C’est qu’elle avait la haine contre moi Dahlia. C’est qu’elle m’en voulait Dahlia. Je la comprends d’un certain point de vue car si on observait notre situation sous un certain angle, c’était effectivement de ma faute si nous n’avions jamais eu la chance d’avoir une véritable famille et des parents pour prendre soin de nous.

L’orphelinat situé sur Hiawatha District où notre chère mère biologique nous a déposé peu de temps après notre naissance fût notre première maison. Nous y sommes restées trois mois, avant de commencer à écumer les familles d’accueil –pour libérer de la place comme les grands nous disaient.

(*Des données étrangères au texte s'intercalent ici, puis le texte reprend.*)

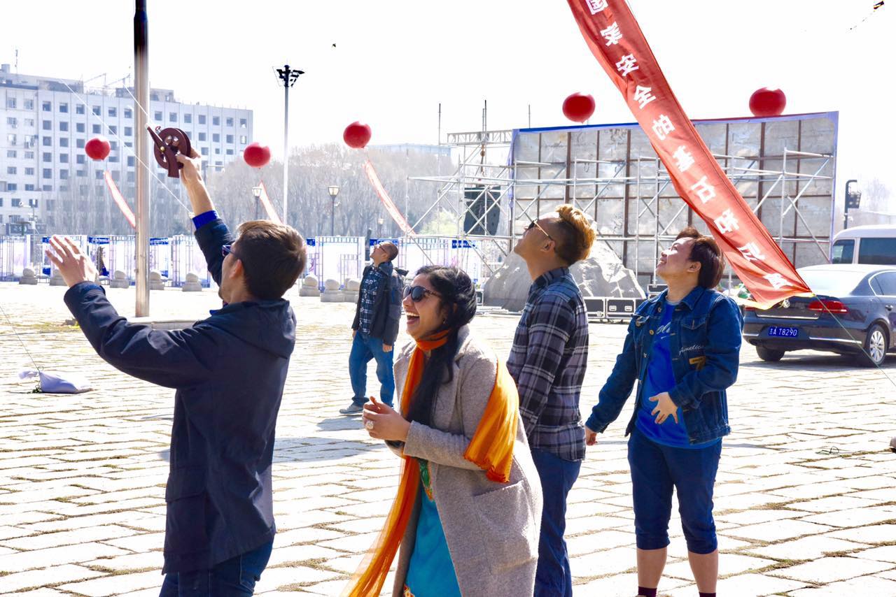 下午,同学们乘车来到了儿童公园。刚一进门,正好遇见了周末前来的秧歌队。大爷大娘们的舞步,欢快的二人转乐曲,深深地感染了同学们。很快,学生自发地加入到了秧歌的队伍中,跟随热情的长春市民们舞动起来,亲切地进行了互动。告别了秧歌队,同学们向游乐场出发,路上活泼的留学生们还不禁手舞足蹈,沉浸其中。到达游乐场后,同学们分别体验了摩天轮、过山车和游船。鸟瞰了万物复苏的春城,放松了身心,欢声笑语不断。

Et si certaines de ces familles n’étaient pas bien impliquées dans leurs rôles, et ne faisaient ça que pour l’argent qu’on leur donnait pour nous accueillir sous leur toit, d’autres auraient pu être la famille parfaite si seulement un léger détail ne venait pas gâcher le tableau ; mon mutisme.
Car ils avaient beau y mettre tous les efforts du monde, ils ne pouvaient tout simplement pas s’occuper d’une gamine incapable de se faire comprendre et qui restait constamment dans l’ombre de sa jumelle. Ça leur pesait sur le coeur, ça les attristait trop, et ils finissaient tous, sans exception, par baisser les bras et admettre leur faiblesse d’esprit devant mon handicap. Alors ils passaient la main à d’autres familles, d’autres foyers, en espérant qu’un jour, quelqu’un de bien et de suffisamment fort mentalement pourrait nous récupérer et nous élever décemment. Et comme il était hors de question pour eux de séparer deux soeurs –des jumelles qui plus est, qui n’avaient jamais été séparées depuis l’enceinte chaleureuse du ventre maternel– alors Dahlia non plus n’a pas eu droit à cette famille tant désirée ; et comme elle m’en a voulu alors, d’être muette, et comme elle s’en est voulue de m’en vouloir.
C’était toujours ça entre nous : la rage, puis la culpabilité ; la jalousie, puis le repentir ; l’amour, puis la haine. Je lui en voulais d’être celle qui avait tout pour elle et qui se faisait aimer plus vite de tous les autres, et je m’en voulais d’être si désespérément dépendante d’elle –car nous avions inventé ensemble un code qui lui permettait de me comprendre et qu’elle était ma seule et unique interprète. Je la jalousais, je la haïssais, et puis je me rappelais que je n’avais qu’elle alors je changeais d’avis et je l’adorais.
Ma douce petite soeur, que j’avais autant envie de protéger que de lui tordre le cou.